» DATA:
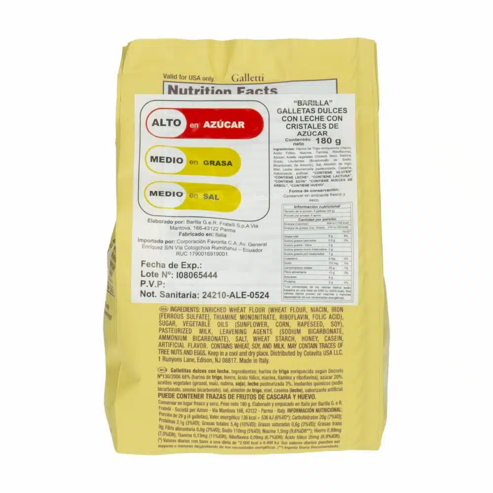 • Las galletas de leche con cristales de azúcar BARILLA, en presentación de 200 g, son un delicioso y crujiente snack ideal para acompañar el café, té o disfrutar solo
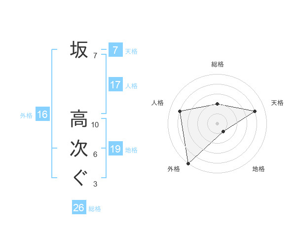 坂 高次ぐさんの外格は16画の5点!
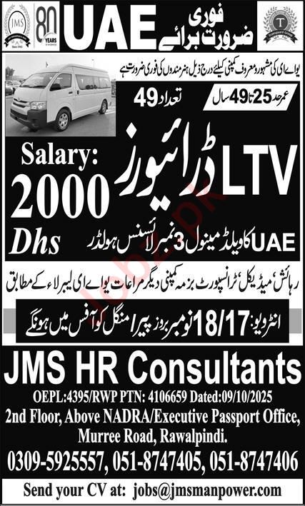 JMS HR Consultant OEP is hiring LTV Drivers for Abu Dhabi. The job advertisement was published on 16 November 2025 in the Daily Express Newspaper.
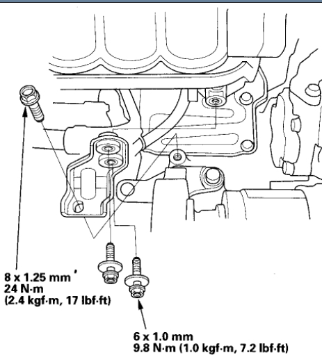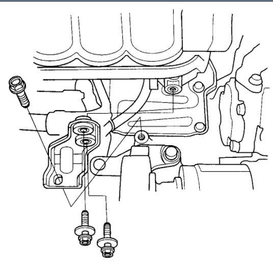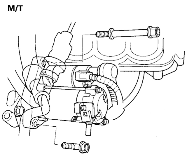 6. Remove the two bolts securing the starter, then remove the starter from the engine.

» REQUIRED ACTION:
Line by line, give the material above again exactly, but without any pictures.

» SOLUTION TO THIS PROBLEM:
 • Las galletas de leche con cristales de azúcar BARILLA, en presentación de 200 g, son un delicioso y crujiente snack ideal para acompañar el café, té o disfrutar solo
 坂 高次ぐさんの外格は16画の5点!
 JMS HR Consultant OEP is hiring LTV Drivers for Abu Dhabi. The job advertisement was published on 16 November 2025 in the Daily Express Newspaper.
 6. Remove the two bolts securing the starter, then remove the starter from the engine.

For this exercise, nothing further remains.